Имевшие прочность воспоминания относятся к Павелецкому и Курскому направлениям, и я попытаюсь их воспроизвести.

Местность по названиям, к счастью, не очень запомнилась, зато маршрут избрался на диво безлюдный, натурный, вдали от селитебных зон, как выражаются архитекторы, и дал стойкое, даже отстоявшееся впечатление осени, осенней грусти, природного всеохватного увядания. Помню только, что автобус рулил по витиеватой, как горная серпантина, дороге среди полей и перелесков, по облику его пассажиров и пейзажам за окном я понял, что заехал в мирный степенный сельский уголок в стороне от опасных радиоактивных изотопов урана и германия, которые циркулируют, распадаясь, по артериям столицы и пригородов, и в первой же деревне, где автобус высаживал, я вышел.

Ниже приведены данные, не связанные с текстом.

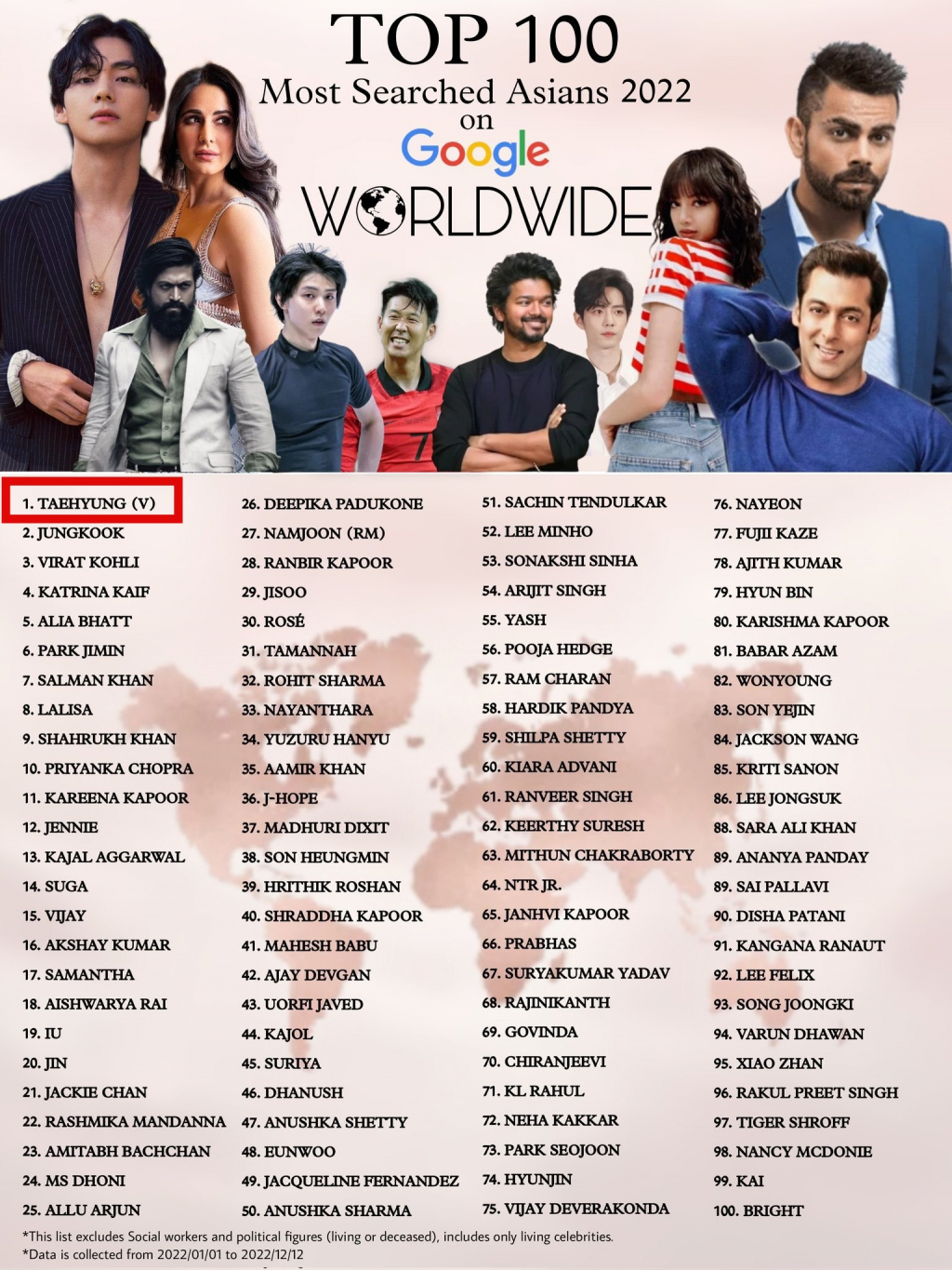 세계 빅데이터 분석의 3분의 1이상을 담당하고 있는 인도의 다수 매체의 발표에 따르면 뷔는 2022년 1월 1일부터 12월 12일까지 수집된 데이터를 기반으로, 구글에서 '가장 많이 검색된 아시아 셀럽 톱 100' 1위에 선정됐다.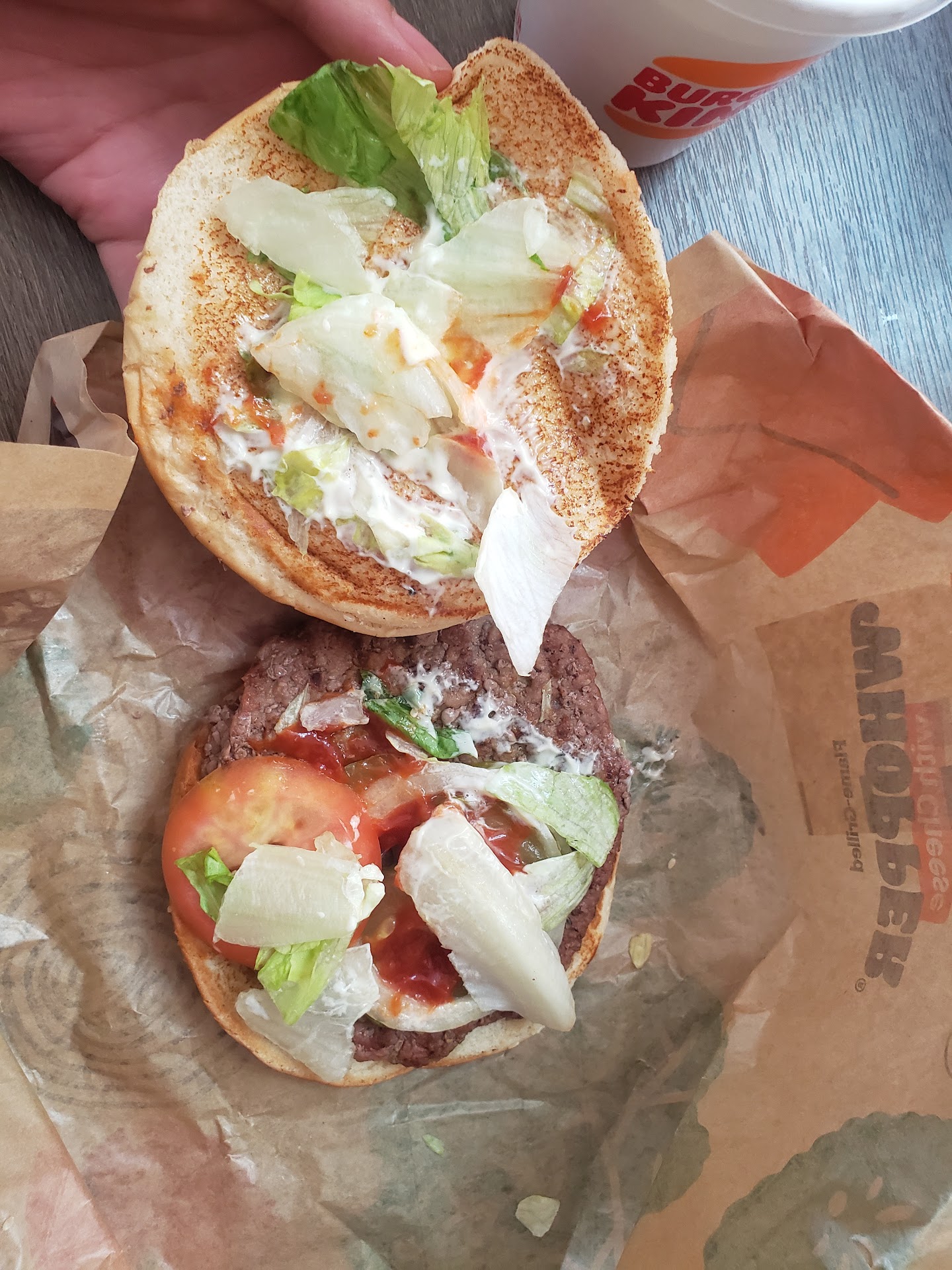 Read moreThe service here was awful! When we ordered using a coupon via the Burger King app, we read off what the deal included, but the cashier mistakenly added extra chicken nuggets. When we politely asked her to remove the extra chicken nuggets, she ardently defend herself and tried explaining that they were part of the deal when they weren't. The way she explained how she was correct and we were just mistaken when it clearly said 1 not 2, made it seem as if we were the ones who messed up, not her. After resolving to order the extra, when we received the food, we weren't immediately given cups for drinks and wouldn't receive then until we asked for them (and after waiting for a bit). In addition, our order was incorrect, from different burgers to different sauces and more. Not only was our order incorrect, the burgers had little to no toppings (we ordered normal everything, but received missing ingredients. Also FYI, the picture included was overall the best we received in terms of ingredients added). I would definitely not recommend this joint and hope that this review can warn others...

Через осыпавшиеся ворота в решетках и каменных столбах вошел на территорию прекрасно запущенного парка из старых деревьев, где еще сохранились два прекрасных белокаменных дворянских особняка с напрочь облупившимся фасадом и облезлыми колоннами, со здоровым любопытством исследовал его незапертые коридоры, развороченные клозеты и комнаты, в которых на расстеленных одеялах ютились два беженца-абхазца, распространяя по всему особняку вкусный запах какого-то национального варева на основе риса, зелени и аджики (на запах и завернул), а потом двинулся куда-то прочь по тропе, заваленной красными и желтыми листьями. Справа и снизу, закрытая плотными ольхами, журчала и пованивала заплесневелая речонка с одним из местных, таких зловеще чудных названий, что обхохочешься (Злодейка, Негодяйка, Нищенка, Рвотка), но парк был хорош, воздух выстоян в конденсате осени, редок и студенист, а настроение — как у школьника, удравшего с уроков: боевое. Взгляд, хоть и не всерьез, порыскивал в поисках грибов, ноздри раздувались от аромата палых листьев, а речка внушала теплые чувства за ее мужественное стремление все-таки самоочиститься, протекая среди прибрежного хлама. Так что все было в порядке.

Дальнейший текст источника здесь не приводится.